В ожидании непрошеных гостей с вечера мы запаслись камнями, ножами и наточили бляхи. Ждали до утра. Однако, несмотря на все наши приготовления, в палатки так никто и не пришел. После утреннего развода, мы стали искать свой самый надежный и несгораемый. Но безуспешно. Обратились к «дедам». Те с необъяснимым восторгом, просто захлебываясь от ехидства, сообщили, что сержант Полосухин за добросовестную службу еще вчера получил отпуск и уже сегодня с утра на перекладных умотал домой. Заодно они поинтересовались, как прошла «хрустальная ночь» и много ли было жертв. Отвечать было ни к чему. Жертвы молчали. Молчание «ягнят» сопровождал беспощадный вой старших военных «волков». Разочарование было велико. Так, наверное, всегда бывает, когда жизнь оставляет тебя в дураках, в очередной раз наказывая тебя за твою доверчивость.

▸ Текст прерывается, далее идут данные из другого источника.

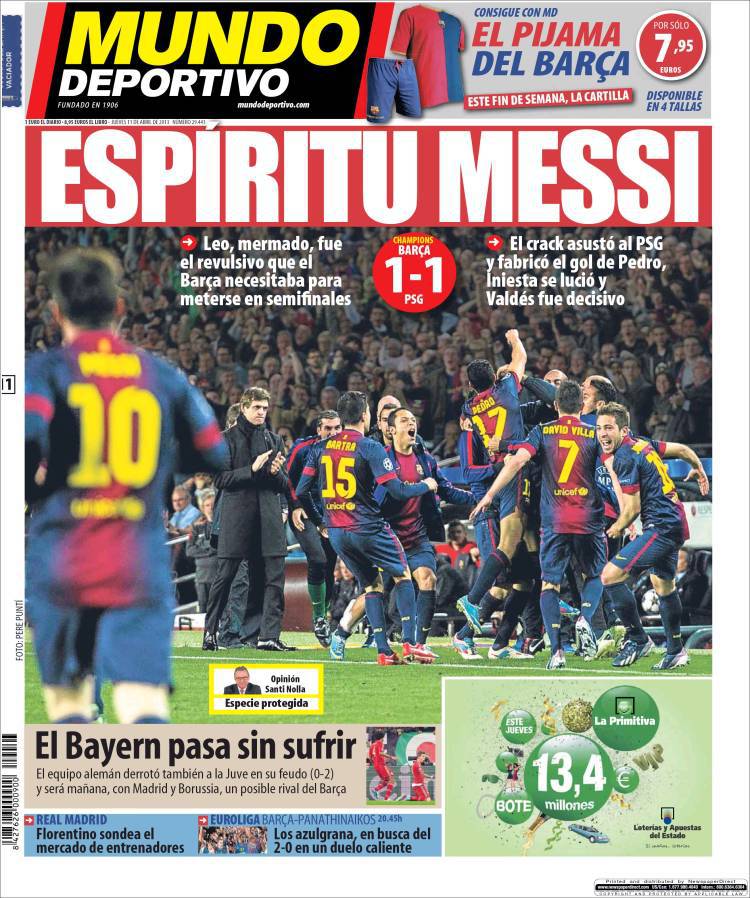 MUNDO DEPORTIVO MESSI – Sul quotidiano Mundo Deportivo si parla del Barcellona che pareggiando uno a uno contro il Psg vola in semifinale.
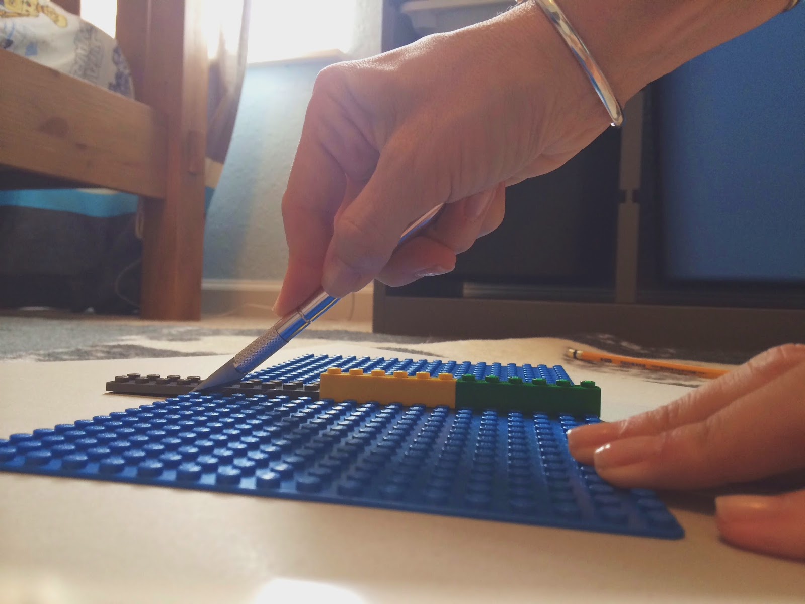 For the lego top, I used two large gray lego mats for each side and cut down one blue mat to create the center strip. Cutting lego mats is easy peasy, create a line with some brick legos take an exacto knife and cut along edge. Then snap off.
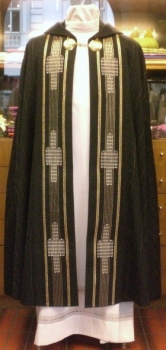 schwarzes Pluviale mit Kreuzmotiven auf Vorder- und Rückseite mit Silberfaden eingewoben, Schließe versilbert mit Alpha u. Omega Zeichen, gefüttert, Stoff: Schurwolle/Trevira Gemisch, Länge: ca 135 cm
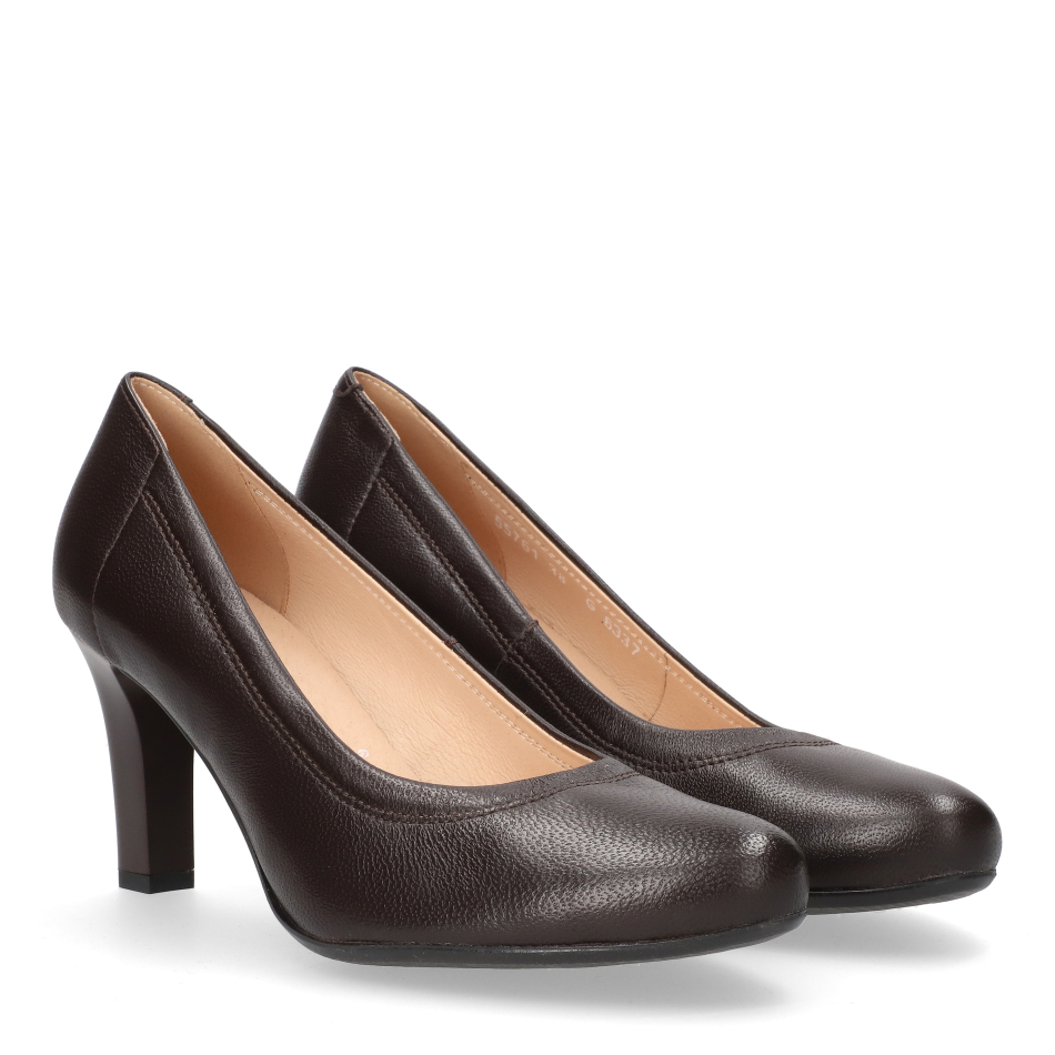 Styl i funkcjonalność: Stabilny 7 cm obcas typu słupek o klasycznym kroju, skóra licowa w kolorze brązowym i klasyczny fason, pasujący do eleganckich i casualowych stylizacji.
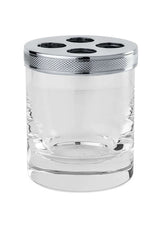 All Cristallin "cisele" (chiseled) tumbler and toothbrush glass by Cristal&Bronze of France are fabricated in crystal-clear crystal and available in 27 different metal finishes. The term "cisele" refers to the chiseled work in the metal trim sections. Cristal&Bronze of France, maker of the finest in bathroom and boudoir accessories hand-fabricates each piece in the Cristallin Series in Chateau-Landon, near Paris, France. Finishes are impeccable and make for outstanding bathroom or boudoir pieces. They're custom made for you in one of 27 metal finishes and shipped in about 7 weeks. Some sooner.

С каждым часом мне становилось все теснее в этих приволжских вольерах. Взгляд нужно было срочно напоить открытым пространством. Хотелось посмотреть на Великую русскую реку в лучах заходящего солнца. Закат меня всегда пленял своим невозмутимым спокойствием и бесстрашием. Я посмотрел на бетонный забор, забор посмотрел на меня, и мы оба больше не сомневались в моей решимости. За пол секунды я перемахнул через него и оказался на городской территории.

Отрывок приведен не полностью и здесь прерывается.